Items from a data source:
"""

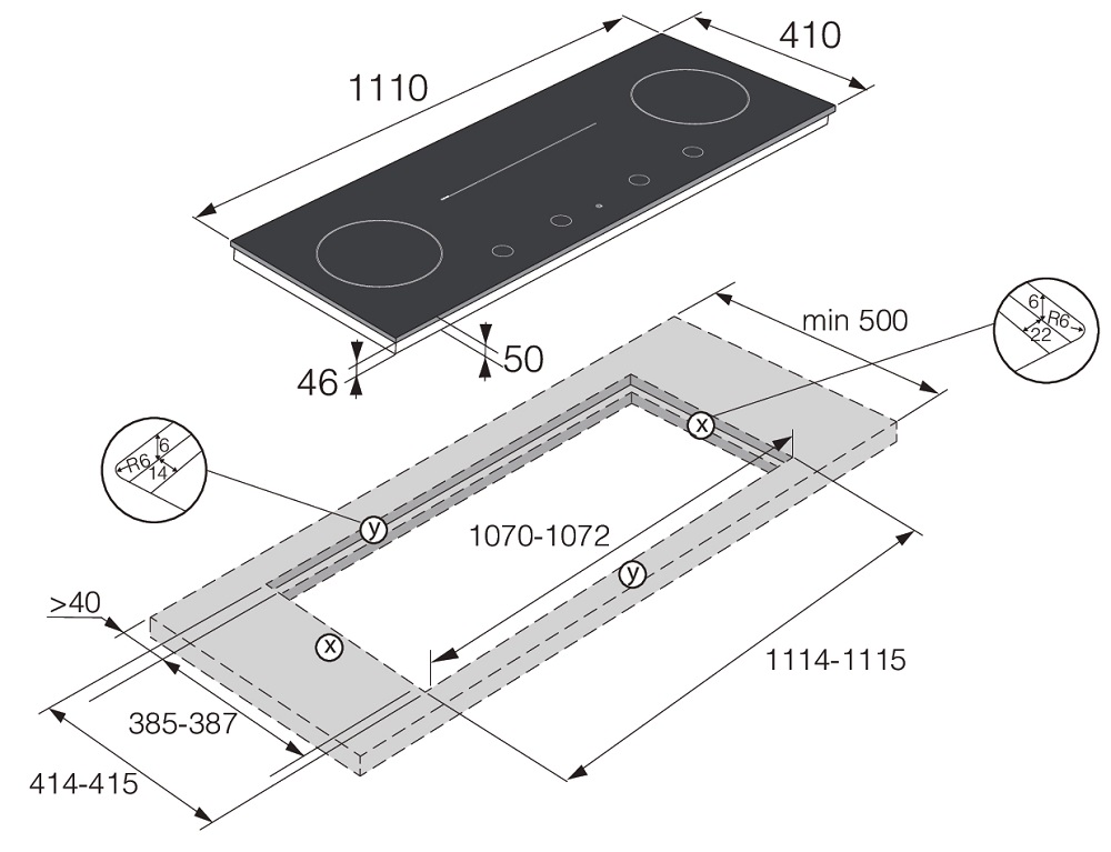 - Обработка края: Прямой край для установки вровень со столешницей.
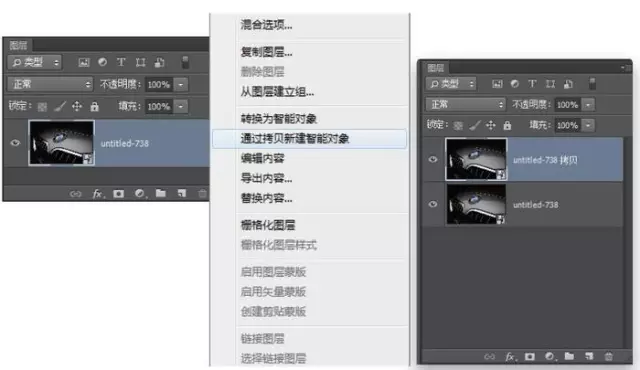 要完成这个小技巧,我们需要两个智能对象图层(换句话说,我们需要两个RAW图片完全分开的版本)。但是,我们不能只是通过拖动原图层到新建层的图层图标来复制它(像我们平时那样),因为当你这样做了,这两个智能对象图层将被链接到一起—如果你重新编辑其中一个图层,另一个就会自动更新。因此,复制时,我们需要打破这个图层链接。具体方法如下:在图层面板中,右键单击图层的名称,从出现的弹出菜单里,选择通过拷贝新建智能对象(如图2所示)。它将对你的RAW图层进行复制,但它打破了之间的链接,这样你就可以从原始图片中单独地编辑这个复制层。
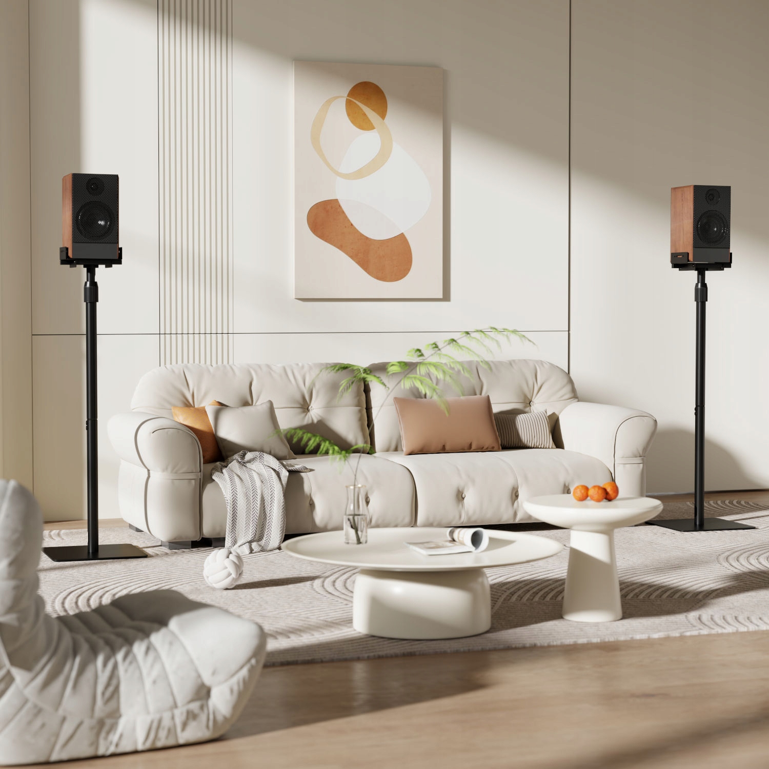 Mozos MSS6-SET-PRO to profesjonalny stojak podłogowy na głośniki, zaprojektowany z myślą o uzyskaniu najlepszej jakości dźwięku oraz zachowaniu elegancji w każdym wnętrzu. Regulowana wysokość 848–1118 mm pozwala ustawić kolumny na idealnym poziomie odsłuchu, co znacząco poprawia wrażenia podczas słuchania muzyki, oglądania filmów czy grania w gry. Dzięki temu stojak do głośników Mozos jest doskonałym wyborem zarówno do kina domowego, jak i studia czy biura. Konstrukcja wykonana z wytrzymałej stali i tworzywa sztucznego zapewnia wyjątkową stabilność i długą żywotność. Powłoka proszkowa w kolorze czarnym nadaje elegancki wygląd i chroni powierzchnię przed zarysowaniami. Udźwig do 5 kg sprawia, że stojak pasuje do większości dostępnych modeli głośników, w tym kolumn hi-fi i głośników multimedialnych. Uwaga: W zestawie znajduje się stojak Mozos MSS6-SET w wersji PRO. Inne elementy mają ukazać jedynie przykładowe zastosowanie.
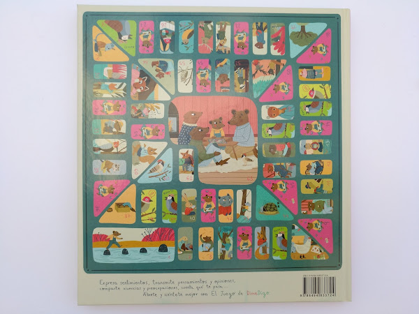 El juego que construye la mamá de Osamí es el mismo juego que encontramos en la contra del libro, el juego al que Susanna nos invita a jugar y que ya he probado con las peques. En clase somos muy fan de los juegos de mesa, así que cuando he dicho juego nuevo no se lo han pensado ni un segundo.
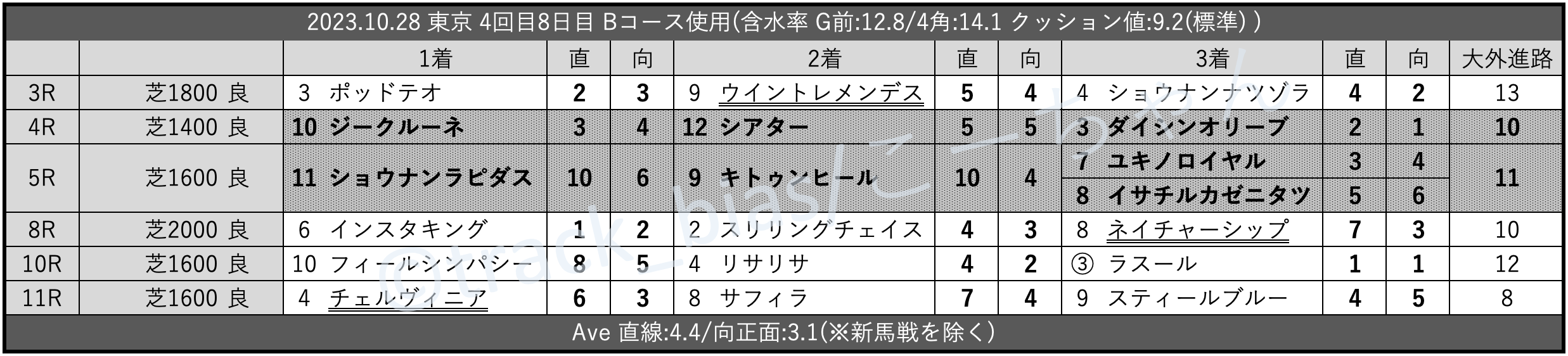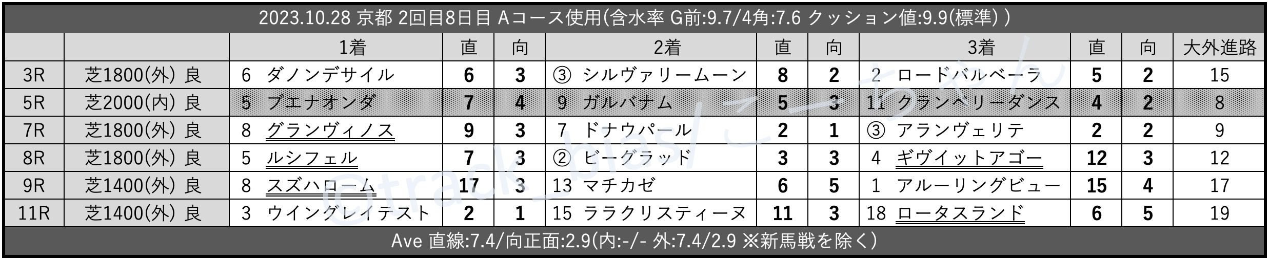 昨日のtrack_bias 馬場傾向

"""

# REQUIRED ACTION
Omit the pictures, and please restate word for word the lines running from the line with "要完成这个小技巧,我们需要两" to the end of the entries.

# YOUR RESPONSE
 要完成这个小技巧,我们需要两个智能对象图层(换句话说,我们需要两个RAW图片完全分开的版本)。但是,我们不能只是通过拖动原图层到新建层的图层图标来复制它(像我们平时那样),因为当你这样做了,这两个智能对象图层将被链接到一起—如果你重新编辑其中一个图层,另一个就会自动更新。因此,复制时,我们需要打破这个图层链接。具体方法如下:在图层面板中,右键单击图层的名称,从出现的弹出菜单里,选择通过拷贝新建智能对象(如图2所示)。它将对你的RAW图层进行复制,但它打破了之间的链接,这样你就可以从原始图片中单独地编辑这个复制层。
 Mozos MSS6-SET-PRO to profesjonalny stojak podłogowy na głośniki, zaprojektowany z myślą o uzyskaniu najlepszej jakości dźwięku oraz zachowaniu elegancji w każdym wnętrzu. Regulowana wysokość 848–1118 mm pozwala ustawić kolumny na idealnym poziomie odsłuchu, co znacząco poprawia wrażenia podczas słuchania muzyki, oglądania filmów czy grania w gry. Dzięki temu stojak do głośników Mozos jest doskonałym wyborem zarówno do kina domowego, jak i studia czy biura. Konstrukcja wykonana z wytrzymałej stali i tworzywa sztucznego zapewnia wyjątkową stabilność i długą żywotność. Powłoka proszkowa w kolorze czarnym nadaje elegancki wygląd i chroni powierzchnię przed zarysowaniami. Udźwig do 5 kg sprawia, że stojak pasuje do większości dostępnych modeli głośników, w tym kolumn hi-fi i głośników multimedialnych. Uwaga: W zestawie znajduje się stojak Mozos MSS6-SET w wersji PRO. Inne elementy mają ukazać jedynie przykładowe zastosowanie.
 El juego que construye la mamá de Osamí es el mismo juego que encontramos en la contra del libro, el juego al que Susanna nos invita a jugar y que ya he probado con las peques. En clase somos muy fan de los juegos de mesa, así que cuando he dicho juego nuevo no se lo han pensado ni un segundo.
 昨日のtrack_bias 馬場傾向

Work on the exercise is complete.